[DATASET]

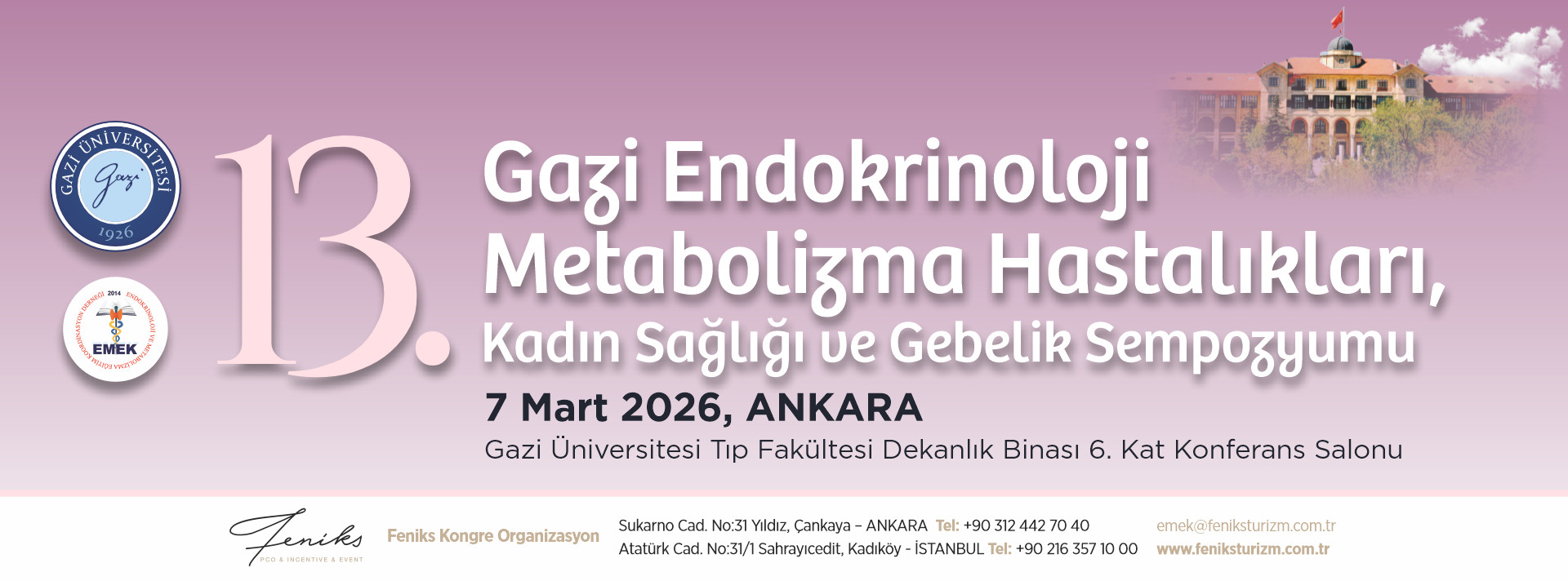 Uzun süredir devam eden ve artık geleneksel hale gelen “Endokrinoloji / Metabolizma Hastalıkları, Kadın Sağlığı ve Gebelik Sempozyumu” nun bu yıl on üçüncüsünü 7 Mart 2026 tarihinde gerçekleştirmek istiyoruz. Sempozyumumuzda kadının hayatında çok önemli bir yer alan gebelik sürecinde karşılaşılan endokrinolojik sorunlar dışında, yaşam boyu kadın sağlığı ve endokrinoloji ile ilgili konulara da yer veriyoruz. Ankara’mızın güzide eğitim kurumlarından alanında uzman konuşmacılarıyla yeni gelişmelere ışık tutma gayretinde olacağız. Her yıl olduğu gibi bu yıl da 8 Mart Dünya Kadınlar Günü’nü birlikte kutlayacağız. Hep beraber endokrinoloji ve kadın sağlığı ile ilgili birçok konuda kanıta dayalı tıp güncelini paylaşma şansı bulacağız.
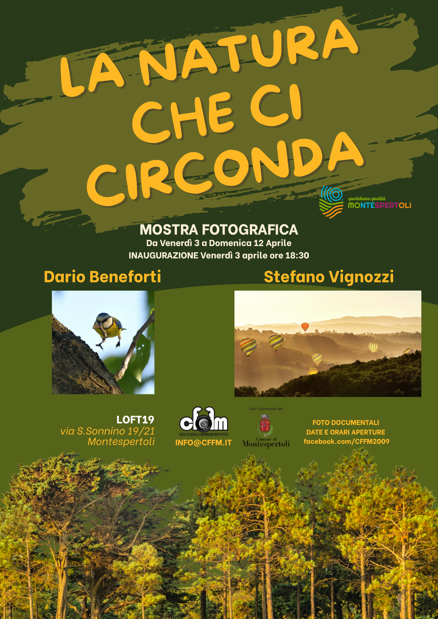 Dario Beneforti e Stefano Vignozzi allestiscono al LOFT19 una mostra fotografica piena di passione visiva e chilometri a piedi "sul campo" dedicata alla NATURA che ci circonda. Flora, Fauna e Paesaggi che mostrano con tecnica e punti di vista unici quanta bellezza abbiamo a disposizione intorno a noi, qualcosa che sfugge nelle frenetiche corse giornaliere spesso fini a se stesse ma che invece può regalare serenità spirituale e grazia al cuore.
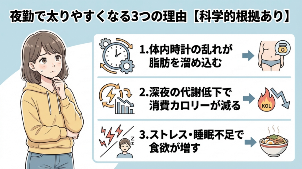 ここでは、夜勤で太りやすくなる3つの科学的理由を解説します。
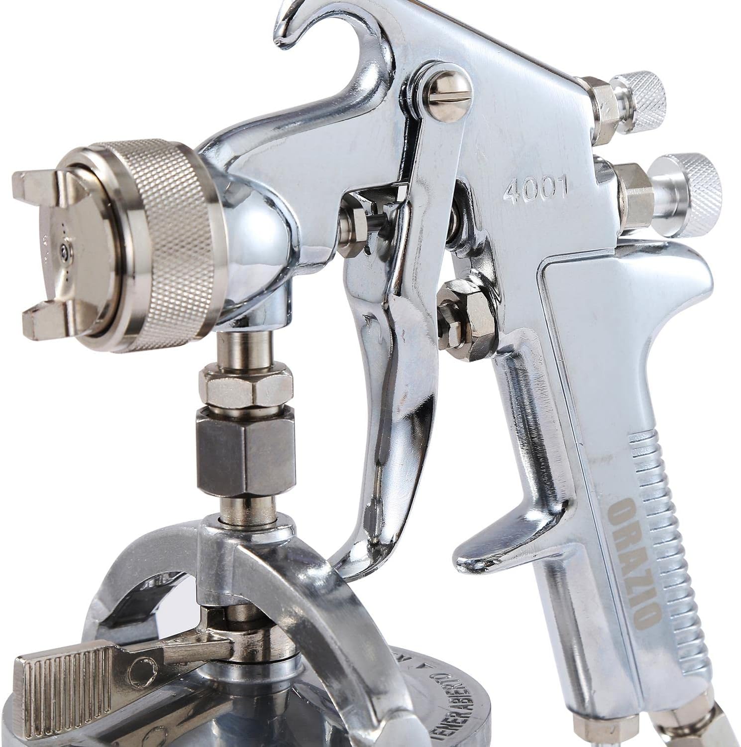 Pistolet à peinture haute pression avec 3 boutons de réglage pour contrôler la peinture Distribution. Coupelle en aluminium avec rebord inférieur pour haute pression Capacité du réservoir : 1000cc Diamètre de la buse : 1,8 mm Pression de fonctionnement : 3-4 Bars Consommation d’air : 5-8CFM Taille du colis : 24 x 16,5 x 15 cm Poids : 1,278 kg
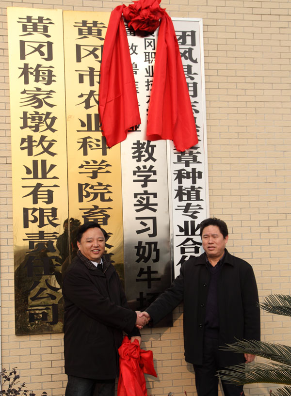 随后,陈校长一行考察了黄冈市种畜场并和叶成峰副局长一起为“XK星空畜牧兽医专业猪生产教学基地”揭牌。在种畜场,陈校长详细询问了该场的生产经营状况,并表示,校企共建教学生产基地,既能加快XK星空人才培养模式改革,促进学生职业素质的提高,又能促进学校的发展、行业的繁荣、企业的壮大、员工的进步,同时为黄冈市的经济建设服务。
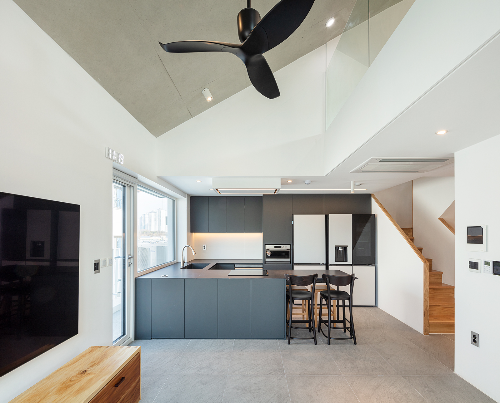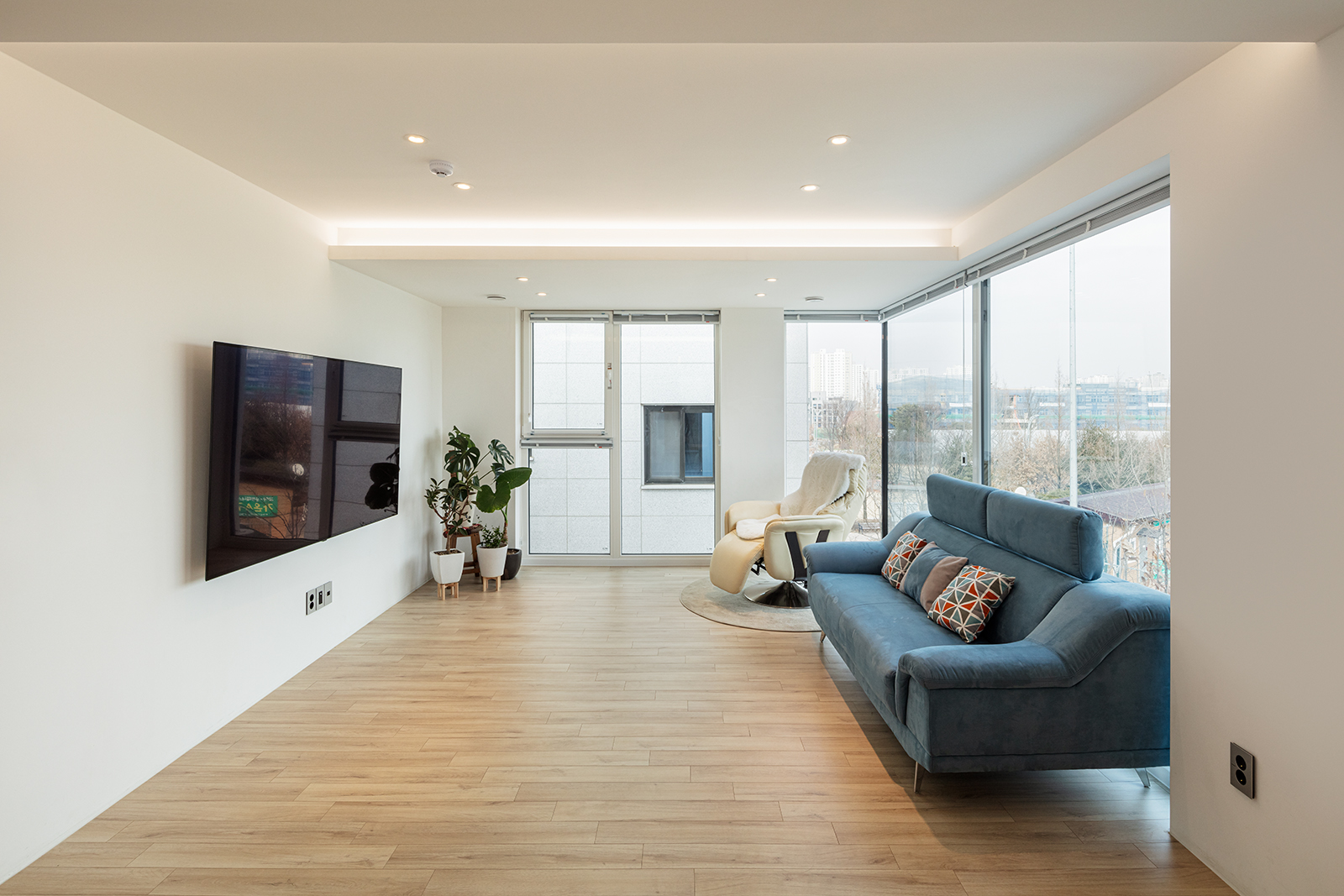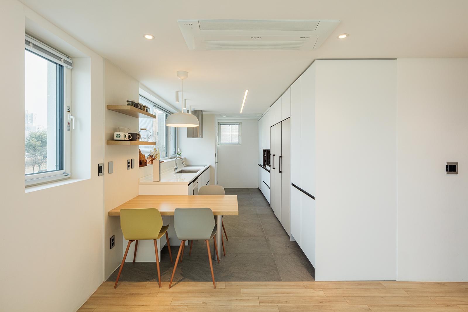 기능성과 기하학적 질서를 고려한 외관이지만, 내부는 정반대의 다양함과 따뜻함이 감춰져 있는 다양한 정씨들이 모여 있는 ‘다정’한 집이다.
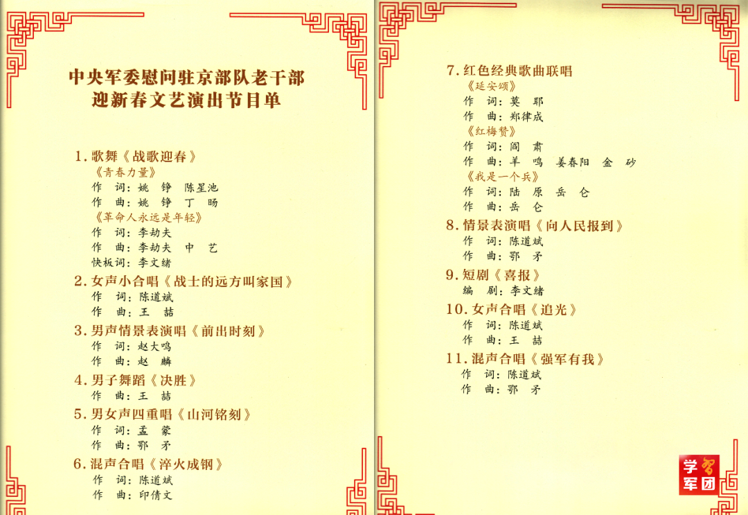 “新的时代、新的征程,新的一年新目标”,歌舞《战歌迎春》拉开演出序幕,营造出喜庆热烈的节日氛围。
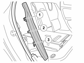 - Remove the left side cushion by pulling the upper edge backwards until the hooks (1) release. Then pull the cushion inwards slightly so that the hook (2) releases and then pull upwards until the locating pin (3) unhooks from the mounting at the lower edge.
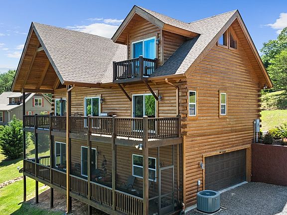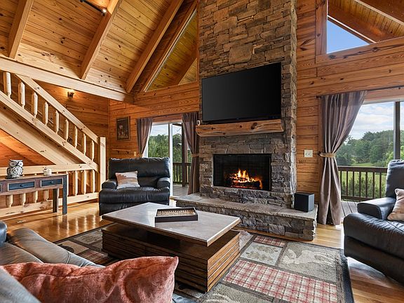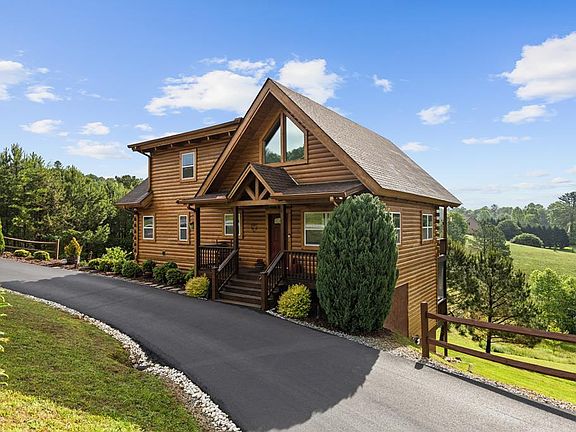 STR's allowed!!!! Escape to the tranquility of Emelia Estates, a haven for nature lovers offering breathtaking mountain vistas, pond views, and abundant wildlife right in your backyard. Nestled on a wooded cul-de-sac lot, this charming 2-bedroom, 3-bath cabin (with easy potential for a third bedroom!) provides the perfect balance of seclusion and convenience—just minutes from Blue Ridge, Blairsville, and SR 515. Step inside to an inviting open floor plan adorned with tongue-and-groove woodwork, hardwood floors, and a stunning stacked-stone gas fireplace that creates a warm and cozy ambiance. The kitchen features granite countertops and new stainless steel appliances (2023), while the bathrooms and laundry room showcase unique custom live-edge wood countertops. The fully finished basement is a versatile space, ready to transform into a third bedroom, a game room, or a home office. The spacious master suite boasts a walk-in closet, additional storage, a private balcony, and a beautifully tiled walk-in shower with a double vanity. A Juliet balcony provides a lovely office nook, while the main-level bedroom offers sliding doors to the deck, a double closet, and a full bath with a double vanity for added convenience. Outside, enjoy two back decks, a screened porch, a fire pit, and a circular paved driveway surrounded by elegant rock landscaping. With low HOA fees ($300/year), community water, and a drive-under garage featuring a workbench and storage, this home delivers the best of mountain living with timeless D-log cabin construction. Is this retreat the peaceful getaway you've been searching for? CAll ME!!!! Most Furnishings are negotiable on a separate Bill of Sale. Projected Rental Income $32,835 - $37,785 gross income - $199 - $229 ave. rate - 165 nights booked
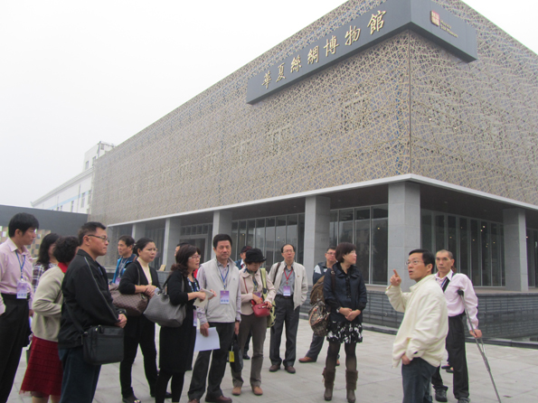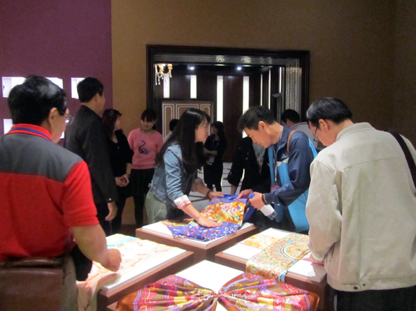 考察团一行在简单听取了总经理对企业规模与发展现状后目标明确直奔“华夏丝绸博物馆”,围绕着丝绸文化的一种延续和传承的丝绸博物馆虽初步成型但诸多设施摆署百事待兴,考察团一行尽管面对是简单尚未成型的摆施却饶有兴致,感慨唏嘘,啧啧称赞。一是唏嘘中国丝绸真的是绚丽多彩,织染技术高超,服饰文化博大精深,大大开了眼界;二是称赞远离苏杭丝绸业发达的皖西北地区竟然也有如此规模与先进的优秀丝绸企业,实属难得。当考察团一行进入丝绸产品展示的一个丝巾展厅后,一直在快速行进赶时间的考察团都纷纷驻足不前了,面对色彩缤纷、款式多样的丝巾赞不绝口、爱不释手,有的当场就信手拿下五六条丝巾一口气要买下,直到领队反复再三的催促才恋恋不舍地离开。
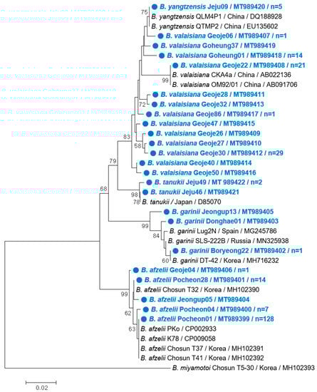 A total of five B. burgdorferi s. l. genospecies were identified, of which the most common genospecies were B. afzelii (62.5%), followed by B. valaisiana (31.9%), B. yangtzensis (2.4%), B. garinii (1.6%), and B. tanukii (1.6%; Table 1). In the regional distribution, B. afzelii was found in all the inland sampling regions except for Jeju Island, while Sejong and Uiseong located in the central inland regions only identified B. afzelii. Borrelia valaisiana was found in Geoje, Goheung, and Jeju Island, which are located in the southern sampling regions, and displayed a higher prevalence than other genospecies. Specifically, B. yangtzensis and B. tanukii were only found on Jeju Island (Figure 1).
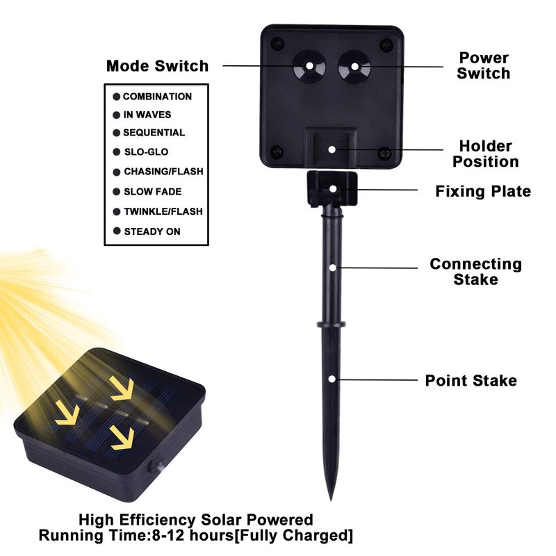 - 8 Lively lighting modes include combination, in waves, sequential, slogs, chasing/flash, slow fade, twinkle/flash, and steady on, creating aesthetic atmosphere for your environment.
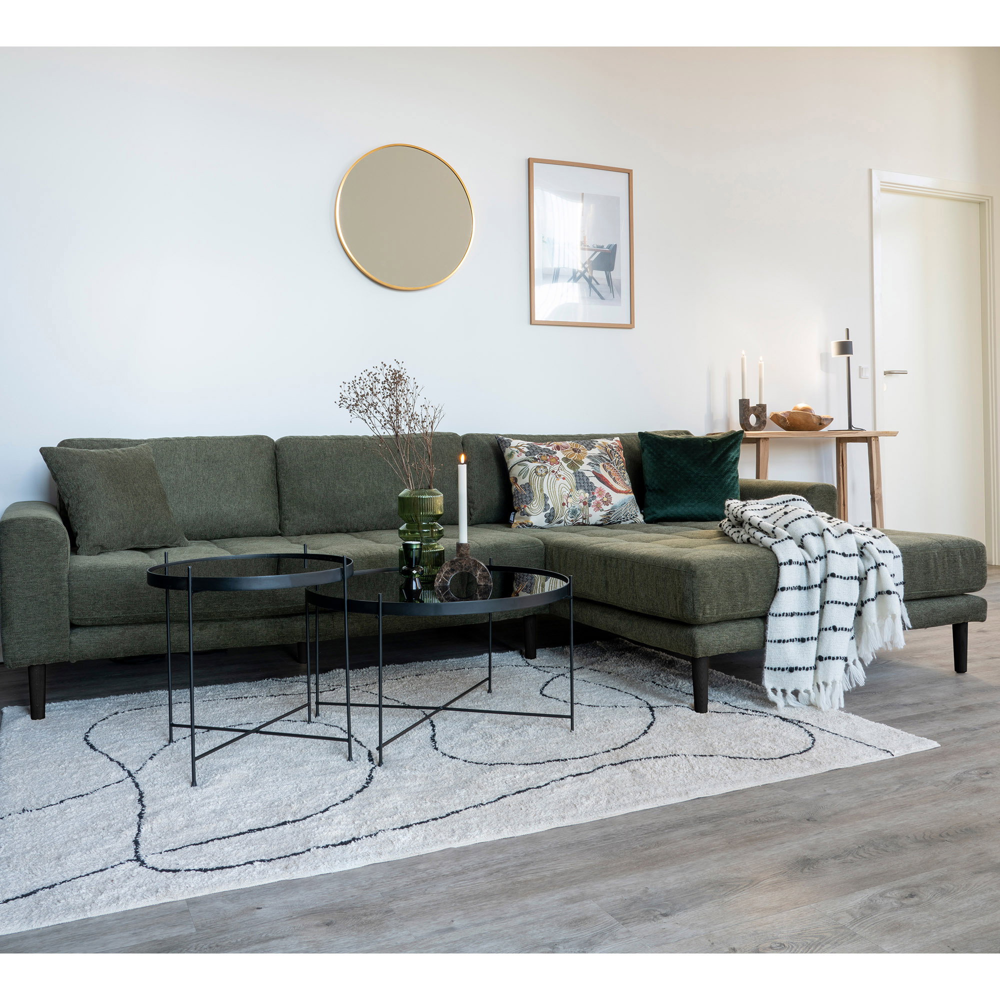 Poilsio sofa, dešinės pusės, alyvuogių žalios spalvos, su keturiomis pagalvėlėmis ir juodos medienos kojelėmis.<br />HN1020

[INSTRUCTIONS FOR THE TASK] With the pictures excluded, restate word for word each line from the one that contains "- 8 Lively lighting" through the last line of the listing above.

[REPLY TO THE EXERCISE]
 - 8 Lively lighting modes include combination, in waves, sequential, slogs, chasing/flash, slow fade, twinkle/flash, and steady on, creating aesthetic atmosphere for your environment.
 Poilsio sofa, dešinės pusės, alyvuogių žalios spalvos, su keturiomis pagalvėlėmis ir juodos medienos kojelėmis.<br />HN1020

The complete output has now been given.